Я ставлю одну ногу перед другой, холодная отрешенность охватывает меня, когда я выполняю все действия по вводу кода на верхней площадке лестницы и выходу из подвала. Я возвращаюсь в свою комнату, прячу пистолет и надеваю чистую футболку. Затем направляюсь на кухню, зная, что именно там я, скорее всего, найду своего отца. Он человек привычки и всегда начинает свой день с кофе.
Как и ожидалось, я нахожу его слоняющимся возле автомата, потягивающим из дымящейся кружки, когда вхожу.
— Доброе утро, — приветствует он, вздергивая подбородок.
— Доброе утро, — бормочу я в ответ, проходя мимо него, чтобы взять свою чашку из шкафчика.
Я наполняю ее и делаю несколько глотков, затем поворачиваюсь лицом к своему старику, готовый сорвать метафорический пластырь.
— Вчера вечером у меня возникла проблема с Гриффом и Адамсом, — говорю я вежливо, как будто речь идет о чем-то столь же безобидном, как погода. — Застал их внизу с заключенной.
— И где они сейчас? — спрашивает папа.
— Мертвы.
Его брови взлетают вверх, хотя его невозмутимое самообладание остается неизменным.
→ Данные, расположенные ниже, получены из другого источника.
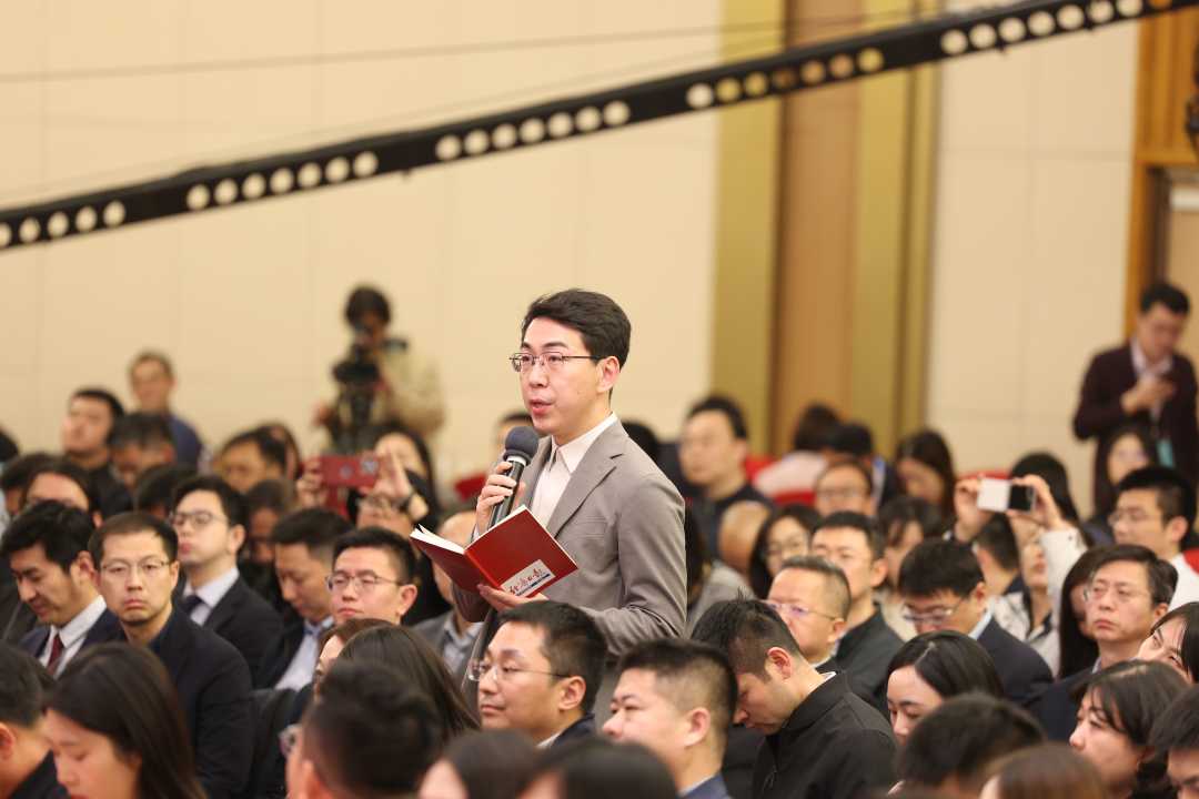 经济日报记者马春阳在现场提问。经济日报记者高兴贵摄
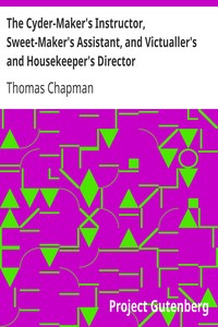 "The Cyder-Maker's Instructor, Sweet-Maker's Assistant, and Victualler's and Housekeeper's Director" by Thomas Chapman is a comprehensive guide on the production and management of various fermented beverages, written during the mid-18th century. This instructional book, likely published in the 1760s, provides insights into the craft of making cyder, raisin wines, and malty beverages like beer and ale, offering practical instructions based on the author's extensive experience in the field. The book aims to
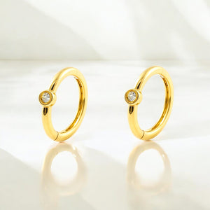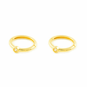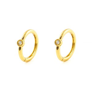 Pendientes Oro Amarillo 9K Aros Redondo Circonita Brillo 10 x 2 mm
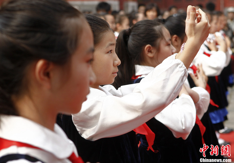 9月9日,在北京孔庙大成殿广场,120余名小学生用古礼祭拜先师孔子,纪念教师节的到来。“第三届北京孔庙国子监国学文化节”也就此拉开帷幕,而该文化节的闭幕式则将在孔子诞辰之日9月28日举行。中新社发 张浩 摄
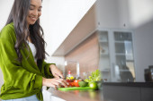 Stylish woman with long dark hair feeling excited before making salad
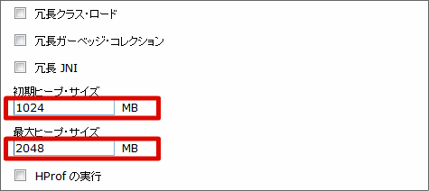 -XX:PermSize Permanent領域の初期値 -XX:MaxPermSize Permanent領域の最大値 -Duser.timezone Javaランタイム システムプロパティのタイムゾーン -Dfile.encoding Javaランタイム システムプロパティのファイルエンコーディング -Xgcpolicy:gencon ガーベッジ・コレクション・ポリシー -Dcom.ibm.crypto.provider.DoRSATypeChecking 秘密鍵による RSA 暗号化および公開鍵による復号化を許可するかどうかを指定します。カスタマーサクセスライセンスを利用する場合は、false を指定してください。下記ではPermanent領域の初期値に512MB、最大値に512MBを設定しています。
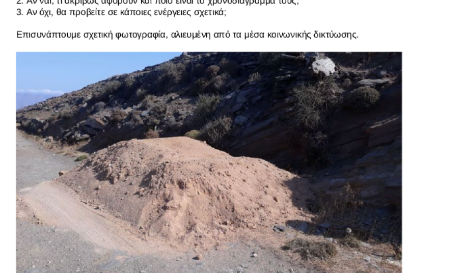 Συγκεκριμένα, μετά από αυτοψία της υπηρεσίας του Δήμου διαπιστώθηκε ότι έχει γίνει επιφανειακή επίστρωση με αμμοχάλικο σε τέσσερα (4) σημεία και απόθεση άμμου σε δύο (2) σημεία του δρόμου χωρίς καμία άδεια από τον Δήμο.
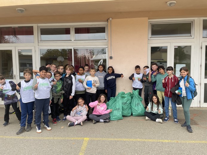 Le projet "Nettoyons la nature" nous a été proposé par l'enseigne E. Leclerc qui a fourni à chaque élève une paire de gants, un chasuble et un grand sac poubelle. Toutes les classes, des PS de maternelle aux CM2, se sont mobilisées, chacune dans un secteur différent.
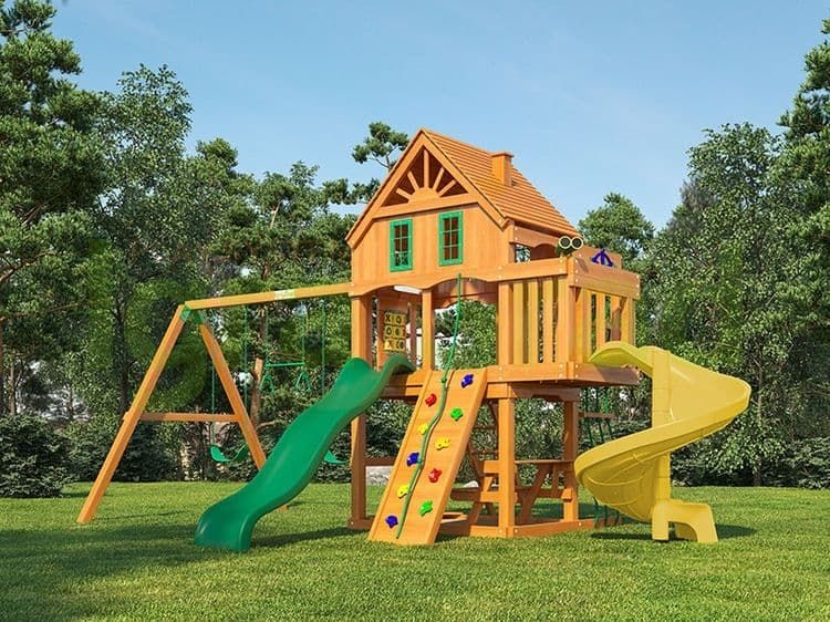 Усиленная детская площадка изготовлена из качественной древесины, окрашена в приятный солнечный цвет, окошки окрашены в зелёный. Разноцветные комплектующие элементы помогают запомнить цвета. Благодаря обработанному пиломатериалу дети не занозят пальчики. Комплектующие детали приходят от надёжного американского производителя.
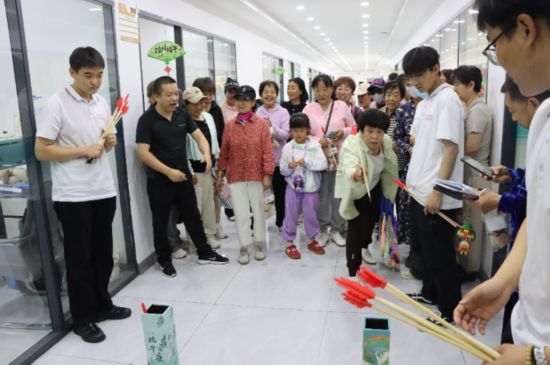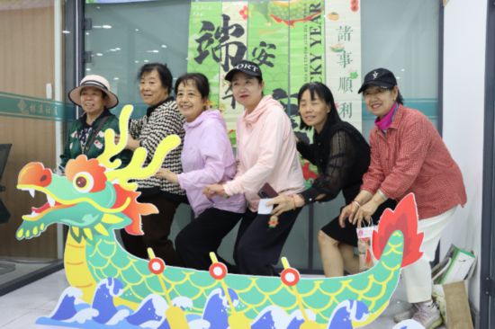 五彩絲線編織端午安康,投壺競技重現古人雅趣。社區書記周峰親手將帶有美好寓意的五彩繩系到居民的手上,這不僅是節日祝福的傳遞,更是社區與居民心脈相連的溫情紐帶。 最具人氣的當屬"龍舟拍照打卡區",在充滿節日元素的場景中拍照留念,通過社交平臺分享傳統文化魅力。投壺區也不時傳來為同伴喝彩的爽朗笑聲。
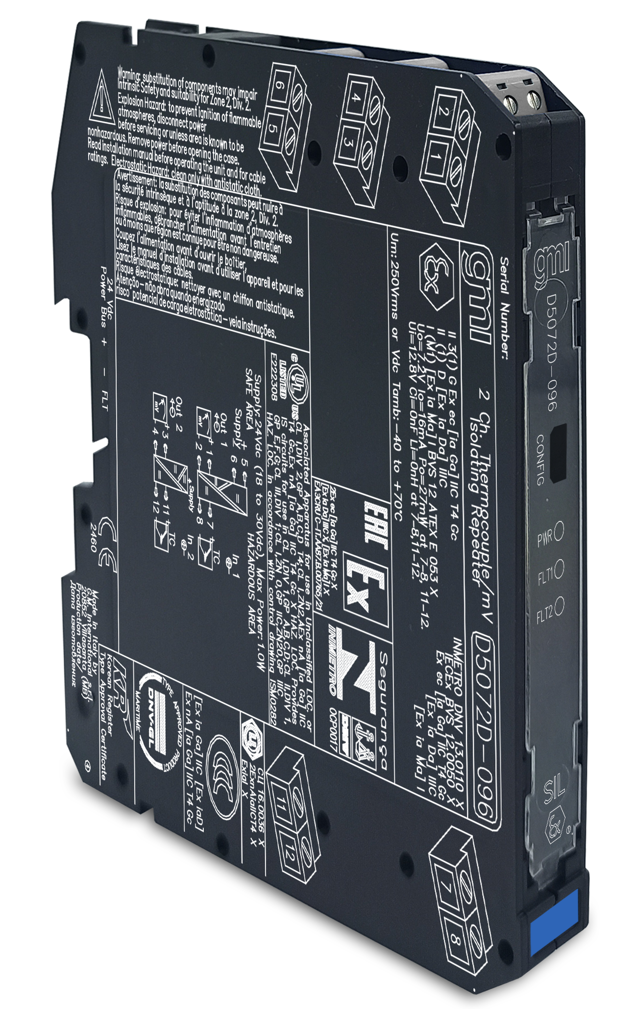 Der Thermoelement-/mV-Repeater D5072-096 empfängt ein niedriges Gleichspannungssignal von einem Millivolt- oder Thermoelementsensor im explosionsgefährdeten Bereich und leitet es isoliert in einen sicheren Bereich weiter. Er eignet sich fßr Anwendungen, die die Sicherheitsstufe SIL 2 in sicherheitsrelevanten Systemen fßr Hochrisikobranchen erfordern. Das Modul D5072D-096 verfßgt ßber eine Duplikatorfunktion, die aus einem einzigen Eingang zwei unabhängige Ausgänge erzeugt.
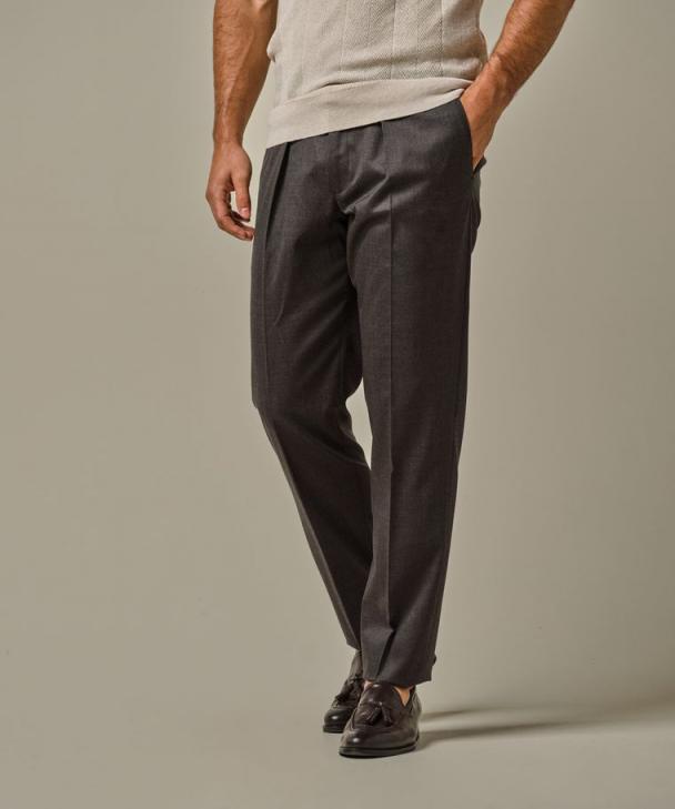 Deze wol in de relaxed fit is zowel geschikt voor een meer formele of meer smart casual look. Gemaakt van een Europese wol-stretch. Elastiek in de tailleband en toegevoegde stretch voor extra comfort. De relaxed fit geeft iets meer ruimte op bovenbeen en knie.
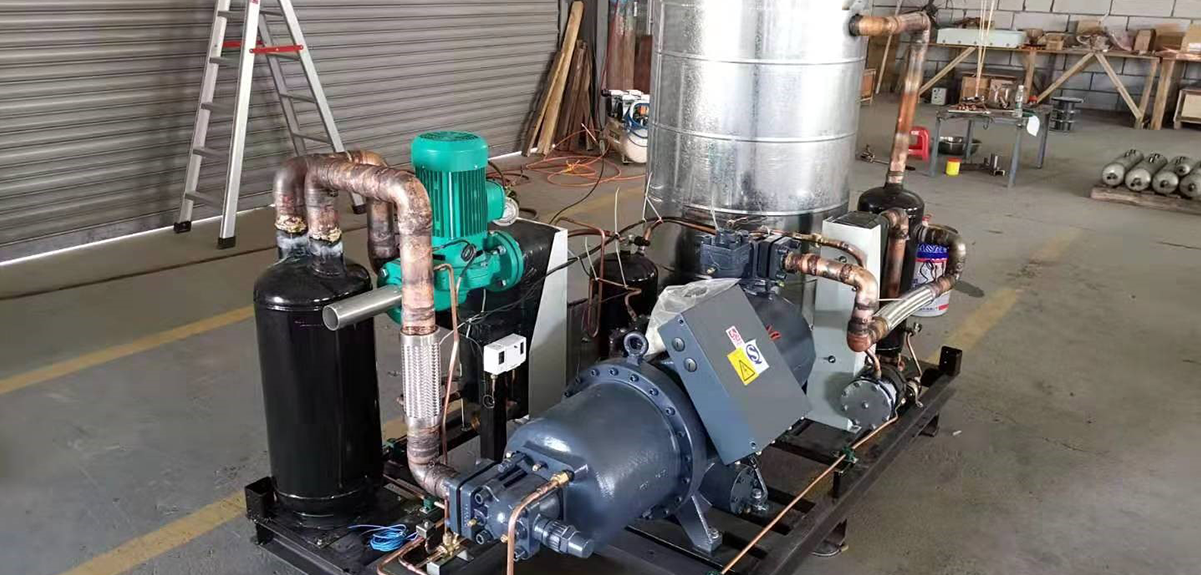 某地能源所實驗製作一個高溫熱水機的樣機,可以用來直接出熱水和蒸汽。機組選用漢鐘精機RC2-T系列餘熱接纳超高溫熱泵壓縮機,採用R245fa冷媒,蒸發器水溫50℃以上,冷凝器水溫120℃,制熱量100KW。
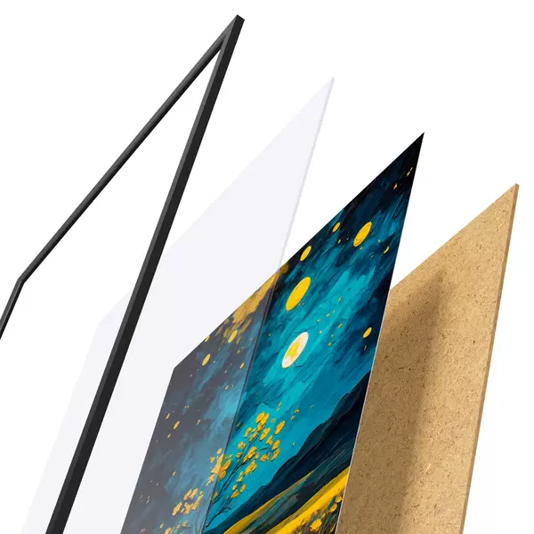 Plakat koosneb raamist, pleksiklaasist, trükitud pildist ja puitlaastplaadist alusplaadist. Tänu tagaküljel olevatele kinnitustele saab plakati kohe seinale riputada.

Он делает еще глоток из своей кружки, как будто делает паузу, чтобы собраться с мыслями, затем делает большой глоток, слизывая остатки с губ.
— Что случилось?
Это та часть, где я мог бы признаться; сказать ему, что я позволил нашей заключенной манипулировать мной до такой степени, что убил ради нее. Он был бы разочарован во мне, но уважал бы мою честность. В конце концов, мы бы справились с этим, после того как он придумал креативный способ напомнить мне, кому я предан.
Проблема в том, что я знаю, как думает мой отец, и поэтому точно знаю, как подействует это напоминание. Он пошлет меня вниз, чтобы я всадил ей пулю в голову.